■ Records drawn from a dataset ■
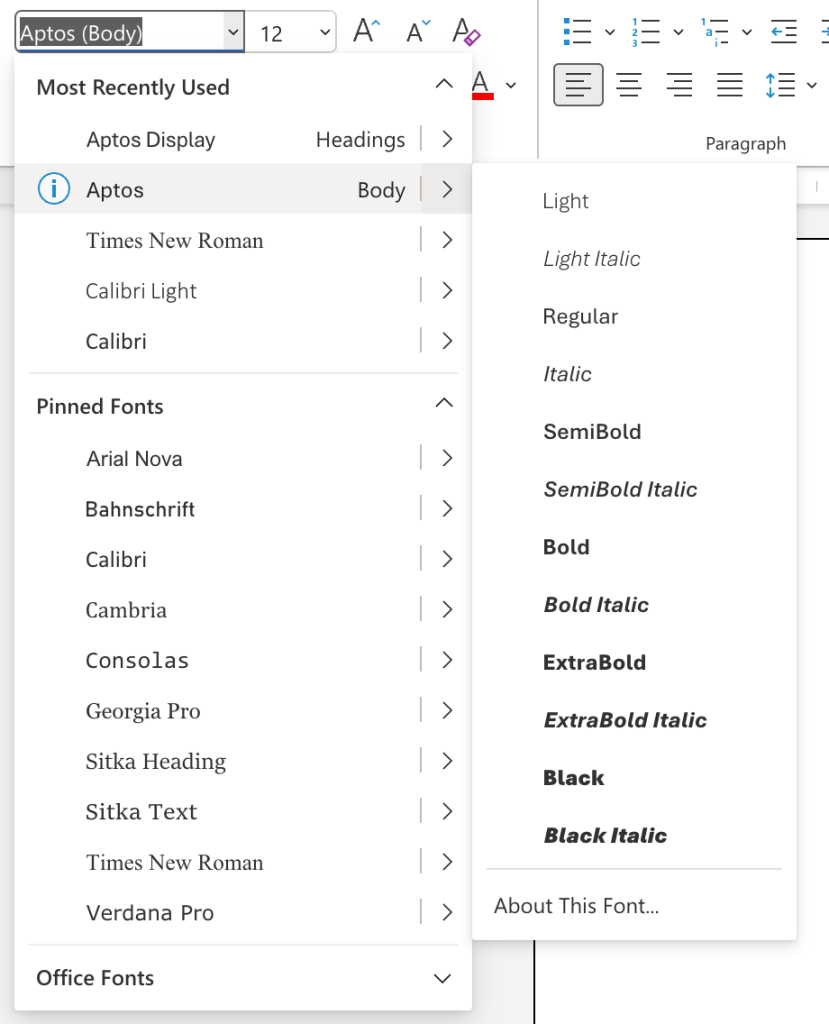 Typsnittet Aptos röstades fram som favorit bland fem förslag och ersätter nu Calibri som standardtypsnitt i Office. Aptos finns i en mängd vikter och varianter, från fet och kursiv till narrow, serif och monospace - för att passa i alla sammanhang.
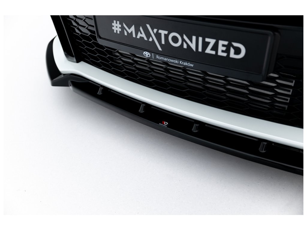 Maxton Design spoiler pod přední nárazník s křidélky ver.2 pro vozidlo Toyota GR Yaris Mk3 . Povrchová úprava spoileru černý lesklý plast ABS.
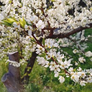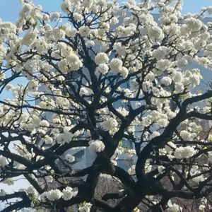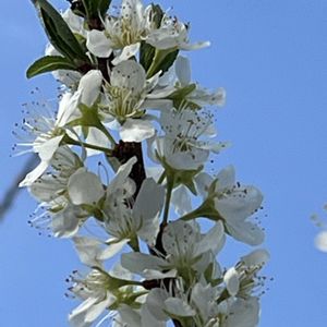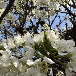 青空☀️とスモモ🥭の花✨。 果樹園の早生スモモの純白🤍の花が一気に咲き始めた。 平年より5日〜1週間は早いねー😲。 去年は大豊作だった、我が家の本命スモモ・大石早生。 樹上完熟果の味わいを今年も堪能できるかな?🤔
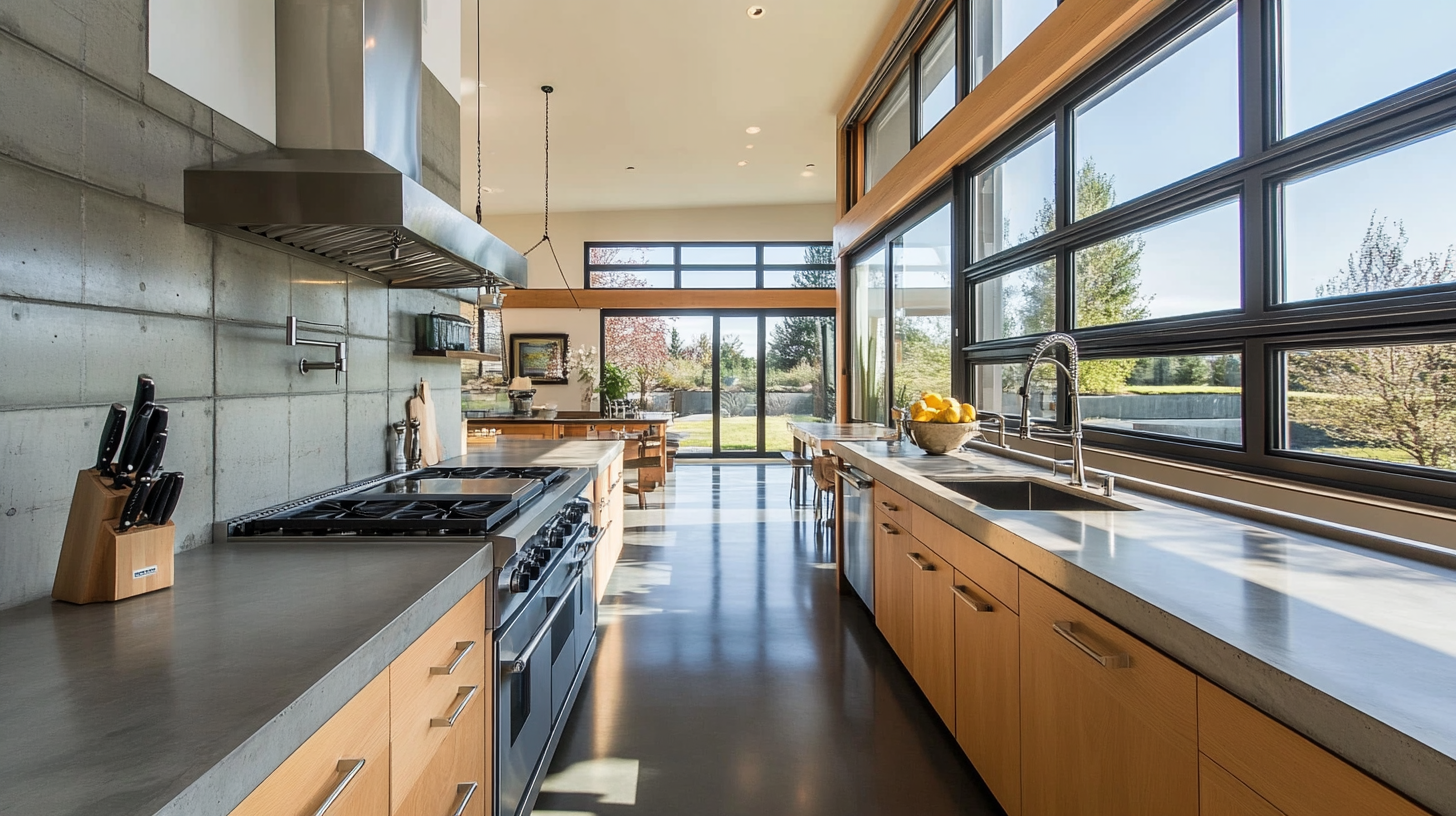 Concrete tiles add a raw, simple look that works well in modern kitchens. Their plain, smooth finish lets your granite stand out. These tiles come in many shades of gray and can be sealed to resist stains.
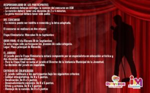 El Gobierno Municipal encabezado por el Alcalde Arnulfo Urbiola Román, por medio de la Instancia Municipal de la Juventud #IMJUVE invita a participar en el concurso de canto:
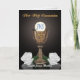 Image and illustration composition of gold chalice on Black, white roses and text for child's First Holy Communion party invitation
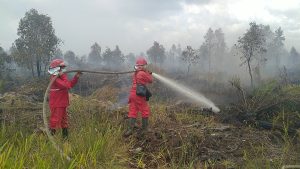 Lahan Perusahaan di OKI Terbakar, Petugas Gotong Royong Padamkan Api

■ Goal of the exercise ■
Could the entries above be copied out exactly, with no pictures included?

■ Solution ■
 Typsnittet Aptos röstades fram som favorit bland fem förslag och ersätter nu Calibri som standardtypsnitt i Office. Aptos finns i en mängd vikter och varianter, från fet och kursiv till narrow, serif och monospace - för att passa i alla sammanhang.
 Maxton Design spoiler pod přední nárazník s křidélky ver.2 pro vozidlo Toyota GR Yaris Mk3 . Povrchová úprava spoileru černý lesklý plast ABS.
 青空☀️とスモモ🥭の花✨。 果樹園の早生スモモの純白🤍の花が一気に咲き始めた。 平年より5日〜1週間は早いねー😲。 去年は大豊作だった、我が家の本命スモモ・大石早生。 樹上完熟果の味わいを今年も堪能できるかな?🤔
 Concrete tiles add a raw, simple look that works well in modern kitchens. Their plain, smooth finish lets your granite stand out. These tiles come in many shades of gray and can be sealed to resist stains.
 El Gobierno Municipal encabezado por el Alcalde Arnulfo Urbiola Román, por medio de la Instancia Municipal de la Juventud #IMJUVE invita a participar en el concurso de canto:
 Image and illustration composition of gold chalice on Black, white roses and text for child's First Holy Communion party invitation
 Lahan Perusahaan di OKI Terbakar, Petugas Gotong Royong Padamkan Api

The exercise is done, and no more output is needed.